Creato il 09 novembre 2010 da Eraserhead
LiverpoolSi può vedere metaforicamente il cinema di Lisandro Alonso come la trasposizione su pellicola degli spazi bianchi tra una vignetta e l’altra di un fumetto. La sua arte ci mostra quel che accade prima del “poco dopo” attraverso fotogrammi di solito non detti giungendo a costruire un’intelaiatura che al pari dei tre film precedenti si interessa di più ai micro eventi che ai macro eventi.
Qua si ha un uomo, Farrell, che lasciata la nave mercantile in cui lavora si mette in viaggio verso il paesino natale per rivedere la madre malata. Oltre ad avere un paio di rimandi a Los muertos (2004) con le immagini di Farrell che assapora la libertà bevendo alcol e passando una serata al night, si nota pian piano che il ricongiungimento con la madre (evento macro, ossia ciò che dovrebbe fungere da asse portante nella storia) è scavalcato da scene che sfiorano l’antinarrazione: i preparativi per scendere dalla barca, il locandiere che discute via radio sulle condizioni atmosferiche, l’uomo anziano che controlla se qualche animale è caduto nelle sue trappole (eventi micro, parentesi, intermezzi dilatati al limite della sopportabilità).

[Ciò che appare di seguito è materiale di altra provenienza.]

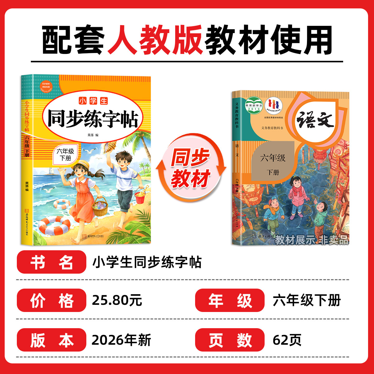 【2026新版】六年级下册练字帖(人教版)专为六年级下学期小学生设计,紧扣语文课本内容,同步生字、词语及课文重点,一课一练,帮助学生巩固知识的同时提升书写水平。字帖采用规范楷书字体,笔画清晰、结构严谨,适合钢笔书写,培养良好书写习惯。每日一练设计科学合理,循序渐进,强化记忆与书写能力。内页排版美观,留白充足,便于临摹与自主练习。是学生课前预习、课后复习、假期练字的理想辅助教材,助力语文学习与书写双提升。
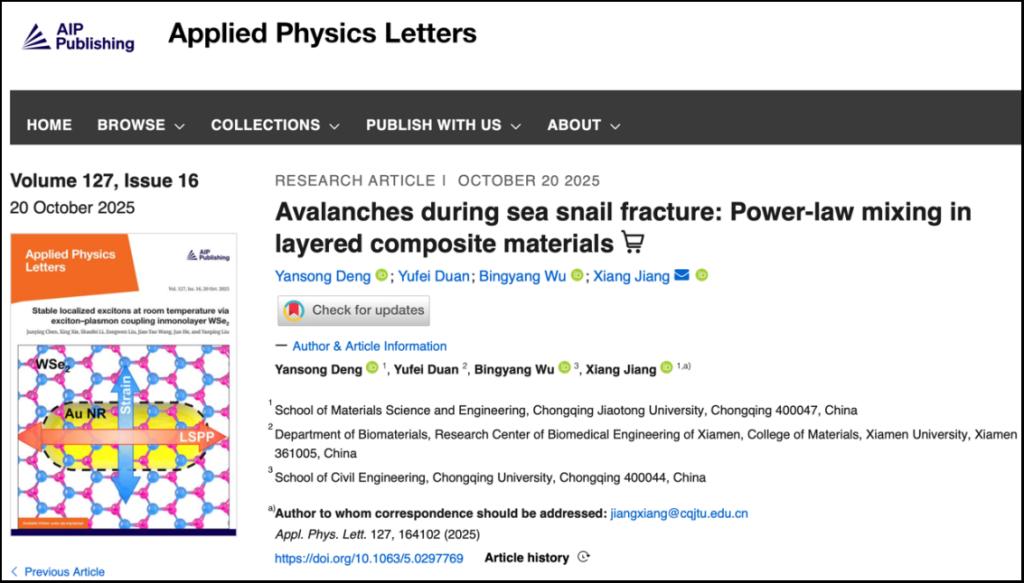 近日,我校伟德国际victor·1946源自蒋翔教授课题组在自然指数期刊、国际著名物理学期刊Applied Physics Letters上发表了题为“Avalanches during sea snail fracture: Power-law mixing in layered composite material”的层状复合材料破坏雪崩动力学研究成果。论文第一作者为伟德国际victor·1946源自2023级硕士研究生邓岩松,通讯作者为蒋翔教授。
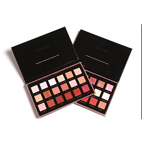 -. Binding : Misc. -. Brand : Inspired Capital L -. Feature : This is a shimmer 18 colors rose golden/ Pumpkin / Twlight eyeshadow which is great for everyday use and party us / This eyeshadow is very pigmented and very easy to apply which keep your perfect eyeshadow makeup for a long time / Quality eyeshadow which is very pigmented and easy to apply, comes with a 2 ends eyeshadow brush / Health and safe ingredients and great quality / Fast Shipping-it usually takes 5-10 business days -. IsAdultProduct : 0 -. Label : Focallure -. Manufacturer : Focallure -. MPN : B779 -. PackageQuantity : 1 -. PartNumber : B779 -. ProductGroup : Beauty -. ProductTypeName : BEAUTY -. Publisher : Focallure -. Studio : Focallure -. Title : 18 Colors Shimmer Rose Gold Pumpkin Twlight Textured Eyeshadow Palette

Fintanto che quando avviene il fatidico incontro tra madre e figlio non ce ne accorgiamo nemmeno. Camera puntata sulla vecchia a letto, Farrell entra e iniziano a parlare. Punto.
Liverpool è un film che decentra quindi. Se non è il rapporto fra i due famigliari a trainare la storia allora è obbligatorio chiedersi che cosa Alonso volesse dire con questo film. E non ho trovato una risposta convincente. Ci sono dei possibili spunti da afferrare qua e là – il ruolo della ragazzina è tutto da (non) capire –, resta comunque un’operazione complicata che nasconde sempre dietro l’angolo il pericolo dello sbadiglio. L’anticonformismo di Alonso raggiunge l’apice quando “permette” al suo protagonista di svanire in un innevato campo lunghissimo che lo allontana per sempre dalla cinepresa. Non abbiamo saputo niente di lui né prima né durante e men che meno dopo la fine della pellicola.
Quello che resta invece è l’ambiente, che sia una giungla o i corridoi di un cinema, è nei luoghi e nei posti che si costituisce il cinema alonsiano, ma come detto all’inizio i suoi lavori sono spazi bianchi senza geografia e così il luogo diventa un non-luogo e il posto diventa un non-posto. E tali spazi vengono tradotti per noi dalla mdp in ambienti asettici e decontestualizzati.
Difficile da comprendere? È Lisandro Alonso.